* **THE PROBLEM**
Although the entries contain pictures, your copy should hold only their exact text.

++++ LISTED RECORDS ++++

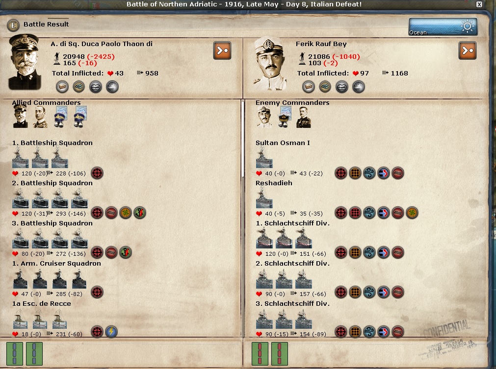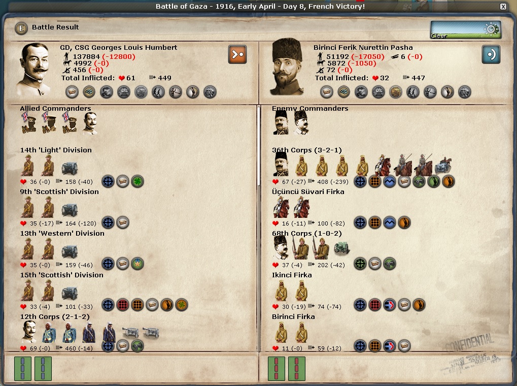Assault on Koeln - major victory. I finally received some NM for a land battle. I am sure it is because I completely eliminated all these elements. I received 2 NM for this won. Good job, Monsieur Foch!!
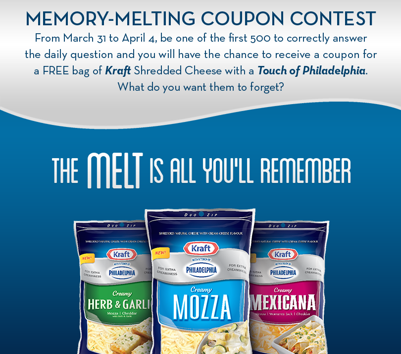 Hurry! Be one of the first 500 to answer the daily question from Philadelphia and you could receive a coupon for a FREE bag of Kraft Shredded Cheese with a Touch of Philadelphia!
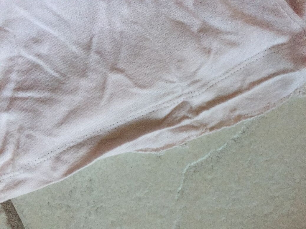 - Découdre à l’aide du découvit les ourlets du t-shirt, en bas et aux manches et couper au niveau de la pliure.
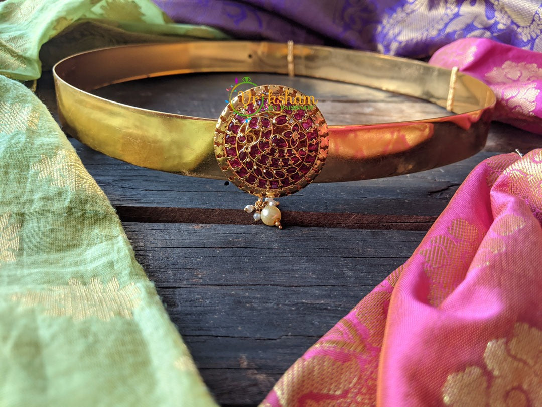 Kemp Annam Plain Hipbelt with red semi precious kemp stones, with pearl drop.
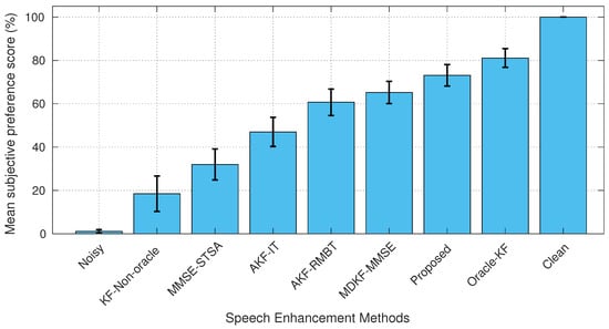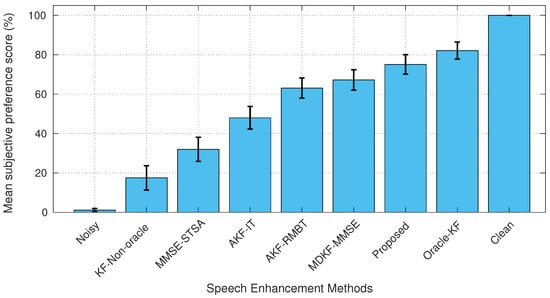 The mean preference score (%) comparisons for all methods are shown in Figure 13 and Figure 14. The non-stationary (babble) noise experiment in Figure 13 reveals that the proposed method is widely preferred (73%) by the listeners to that of the benchmark methods, apart from the clean speech (100 %) and the KF-oracle method (81%). Amongst the benchmark methods, MDKF-MMSE [] is most preferred (65%) with AKF-RMBT [] (60%). Although the AKF-IT [] produced distorted speech, as confirmed by objective PESQ, SDR, and STOI score comparison as well as spectrogram analysis, the listeners prefer it (47%) over MMSE-STSA [] (31%). The subjective testing implies that it was considered as an improvement of noise reduction in the speech region than a distortion. The colored (f16) noise experiment (Figure 14) also confirms that the proposed method achieves a significant preference score (75%) compared to the benchmark methods, excepting the clean speech (100%) and the KF-oracle method (82%). Among the benchmark methods, MDKF-MMSE [] is found to be the most preferred (67%) with AKF-RMBT [] (63%). In light of the blind AB listening tests, it is evident that the enhanced speech produced by the proposed method ensures the best perceived quality amongst all tested methods for both male and female utterances corrupted by real-life non-stationary as well as colored noises.

++++

* **RESPONSE AREA**
Assault on Koeln - major victory. I finally received some NM for a land battle. I am sure it is because I completely eliminated all these elements. I received 2 NM for this won. Good job, Monsieur Foch!!
 Hurry! Be one of the first 500 to answer the daily question from Philadelphia and you could receive a coupon for a FREE bag of Kraft Shredded Cheese with a Touch of Philadelphia!
 - Découdre à l’aide du découvit les ourlets du t-shirt, en bas et aux manches et couper au niveau de la pliure.
 Kemp Annam Plain Hipbelt with red semi precious kemp stones, with pearl drop.
 The mean preference score (%) comparisons for all methods are shown in Figure 13 and Figure 14. The non-stationary (babble) noise experiment in Figure 13 reveals that the proposed method is widely preferred (73%) by the listeners to that of the benchmark methods, apart from the clean speech (100 %) and the KF-oracle method (81%). Amongst the benchmark methods, MDKF-MMSE [] is most preferred (65%) with AKF-RMBT [] (60%). Although the AKF-IT [] produced distorted speech, as confirmed by objective PESQ, SDR, and STOI score comparison as well as spectrogram analysis, the listeners prefer it (47%) over MMSE-STSA [] (31%). The subjective testing implies that it was considered as an improvement of noise reduction in the speech region than a distortion. The colored (f16) noise experiment (Figure 14) also confirms that the proposed method achieves a significant preference score (75%) compared to the benchmark methods, excepting the clean speech (100%) and the KF-oracle method (82%). Among the benchmark methods, MDKF-MMSE [] is found to be the most preferred (67%) with AKF-RMBT [] (63%). In light of the blind AB listening tests, it is evident that the enhanced speech produced by the proposed method ensures the best perceived quality amongst all tested methods for both male and female utterances corrupted by real-life non-stationary as well as colored noises.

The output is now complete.